- Justice in Kelly Country, by Lachlan Strahan. Monash University Press, $32.99.
Shortly after coining a wonderfully droll, three-word epitaph, Ned Kelly was hanged almost 143 years ago. Nonetheless, the bushranger remains pure literary catnip; adding the name, Kelly, to any title seems to guarantee a wide, curious and loyal readership.
Kelly has inspired two excellent novels, Robert Drewe's Our Sunshine (1991) and Peter Carey's The True History of the Kelly Gang (2000). We no longer have to rely on Mick Jagger's pouty, casually ironic interpretation of Kelly (from 1970). Carey's version especially is a remarkably intense, passionate feat of empathy.
Justice in Kelly Country might possibly have turned that fiction duet into a trio. Strahan does invent the setting and dialogue of one scene, an armed confrontation between bushrangers and police officers which could easily have ended in murder. He does that deftly and dramatically. Other segments of the narrative could have been expanded and embroidered if treated as a novel rather than a work of history.
Lachlan Strahan is, however, a gifted historian, author of a valuable account of Australian attitudes towards China, and recently returned from a stint as Australia's High Commissioner in Honiara.

In this book, he exhumes an ancestor, his great-great-grandfather, a man bitterly hostile to the Kelly gang who doggedly pursued Ned through North East Victoria.
Put as bluntly as possible, the key question about Anthony Strahan the police officer is whether he formed part of an over-armed, under-trained, plain clothed hit squad, one determined to persecute all Kellys, then to murder Ned and his mates out of hand. Ned himself harboured no doubts; he was convinced that Strahan was resolved to shoot him like a dog. To be fair, Ned is alleged to have expressed a wish to roast Strahan alive.

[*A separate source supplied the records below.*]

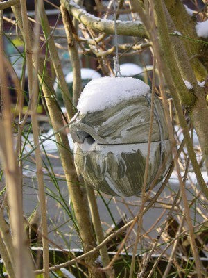 Reinigung/Kontrolle: Wir empfehlen von Kontrollen im Zeitraum von April bis Juni abzusehen, um die Brut nicht unnötig zu stören. Die Reinigung der zweischaligen Nisthilfe sollte daher bevorzugt in den Herbst- oder Wintermonaten stattfinden. Zum einfachen Säubern kann das Halteseil entfernt und die obere Kugelschale leicht von der unteren abgehoben werden. Nach der Reinigung einfach die beiden Hälften wieder zusammenfügen und mit dem Halteseil sichern.
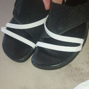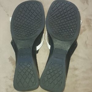 Step out in style with these elegant sandals. Featuring a chic black and white design, these shoes are perfect for any occasion. Enjoy comfort and sophistication with every step.
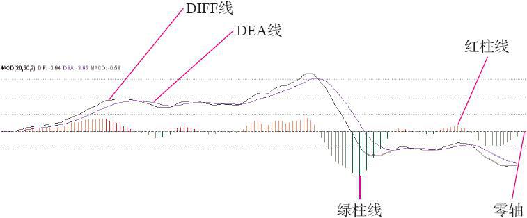 MACD(Moving Average Convergence and Divergence),即“指数平滑异同移动平均线”,利用两条长短期的移动平均线,计算其二者之差离值,用来研判价格走势,如图1-16所示。
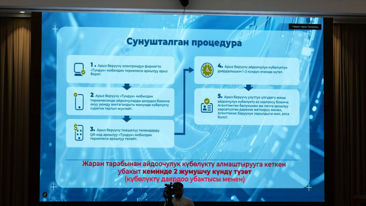 «Биз ар бир айдоочуну түйшөлткөн көйгөй болгон айдоочулук күбөлүктү алмаштырууда ашыкча бюрократиялык тоскоолдуктарды чечүүнү көздөп жатабыз. Бул көйгөйгө дээрлик ар бир жаран туш болуп, ал күнүмдүк жашоого таасирин тийгизет», — деди Адылбек Касымалиев.
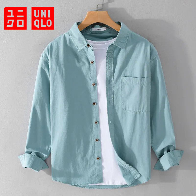 [Mall] Kemeja Polos Pria UNIQLO Lengan Panjang Kemeja Pria Casual Premium Slim-Fit
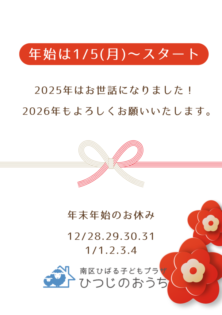ホームニュースお知らせ年末年始の休館日のお知らせ お知らせNEWS 2025.12.27お知らせ年末年始の休館日のお知らせ 今年もひつじのおうちにたくさん遊びに来ていただき、ありがとうございました☺️ 明日12月28(日)〜1月4日(日)まで休館となります。 新年、またたくさんのお友だちに会えるのを楽しみにしています🤗 よいお年をお迎えください✨
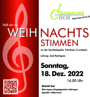 Am Sonntag, 18.12., 4. Advent, lädt der Crumbacher-Chor ganz herzlich ein zu seinem weihnachtlichen Open Air-Singen unter Leitung von José Rodriguez.
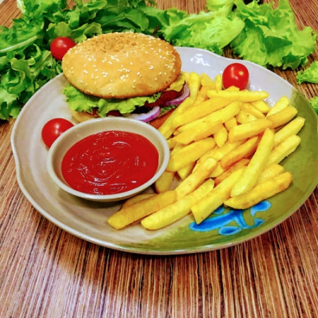Говяжья или куриная котлета, помидор, маринованные огурцы, сыр, лук, лист салата, картофель Фри, кетчуп
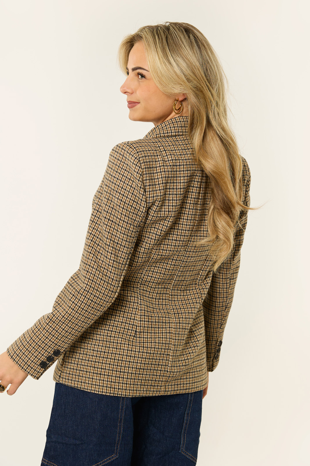 Deze geruite beige met zwarte blazer is zo’n item dat je outfit in één keer naar een hoger niveau tilt. De klassieke ruit geeft een stijlvolle, tijdloze uitstraling, terwijl de getailleerde pasvorm zorgt voor een mooi, vrouwelijk silhouet. De blazer is afgewerkt met een enkele knoopsluiting en subtiele zakdetails, waardoor hij zowel chic als draagbaar blijft. Draag hem zakelijk met een blouse en pantalon of juist casual met jeans en een basic top deze blazer werkt echt overal bij en is een perfecte toevoeging aan jouw herfst- en wintergarderobe.
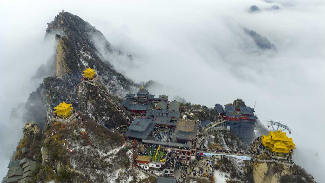 3月7日,河南省洛阳市栾川县老君山风景区群峰在云雾缭绕中若隐若现,风景秀美。
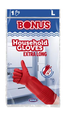 Gumikesztyű, háztartási, latex, extra hosszú, 38 cm, L méret, BONUS, piros
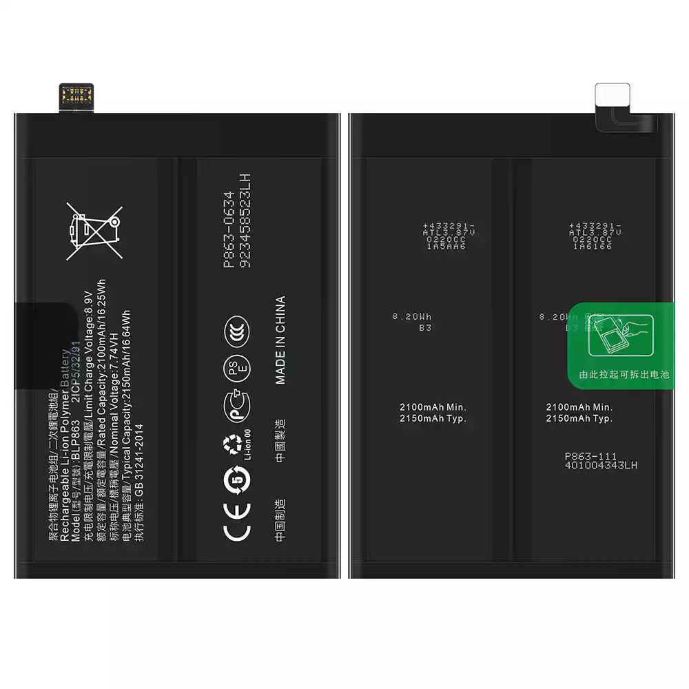 Akun malli BLP863 sovittaa OPPO RENO 6 5G / CPH2251 / PEQM00

Strahan readily concedes that the written record on Senior Constable Strahan remains "patchy and patterned with silences, gaps, misperceptions, bias and outright lies". Just as frankly, Strahan focuses on the policeman's reputation as driven and restless, too fond of quarrels and abusive language, not often able to constrain his dirty temper. As Strahan acknowledges, Australian history has "mostly" depicted the constable as "a trouble-making villain".
That said, Strahan takes pains to underline the constable's diligence, resilience and sense of duty. The reader is invited to follow his career not just in tracking the Kellys but in treating snake bite, closing down a sly grog shanty, catching a crooked squatter, collaring a would-be highway robber, arresting a villain who had burned down the family home, and - this is a Victorian narrative, after all - defending a woman's honour.
In the absence of much personal, private writing from Constable Strahan himself, the writer Strahan applies himself indefatigably to trawling through all manner of public records. His copious reading is worn lightly. His explanations of family genealogy and prejudices genuinely fit within Strahan's broader commentary on emigration from Ireland, suspicions between Catholics and Protestants, development of the Victorian economy and a considered judgement on the quality of policing. Lachlan Strahan is also talented at evoking the smells and sounds, the pace and personalities, of country Victoria, even of a hamlet like Wooragee which the average reader would never even have driven past.
With that work on context, setting and back-stories, a reader is more than half-way through the book before the constable encounters the Kelly gang. Lachlan Strahan then seeks to explain how "a chain reaction of events, with its own logic and momentum, pushed all the players along". Whether justice was actually done, as the title suggests, remains a contested, complicated issue.
Returning to that threshold question, whether the constable was bent on harassing and hunting down the Kellys, Strahan proposes a much more judicious, layered approach - but one which does not amount to either apologia or hagiography. He certainly does not regard the Victorian police of the time as thuggish, drunken, trigger-happy bullies.
At Stringybark Creek, when the Kellys killed three policemen, Senior Constable Strahan was elsewhere, plodding stoically through the bush a short distance to the north. Along with his colleagues, Strahan guarded the wrong part of the border while the Kelly gang went on a spree in Jerilderie. At Glenrowan, the Kelly's Valhalla, Constable Strahan was a few towns away as well. His most direct interventions with the Kelly gang were one argument and his assistance at the arrest of Kelly's mother, first poorly treated in Beechworth gaol, then sentenced to an absurdly long term in prison.
Constable Strahan's application to "a hard job in hard times" brought him relatively few rewards. He was neither promoted nor rewarded for his engagement with the Kellys. The senior constable may now, though, have had his reputation redeemed.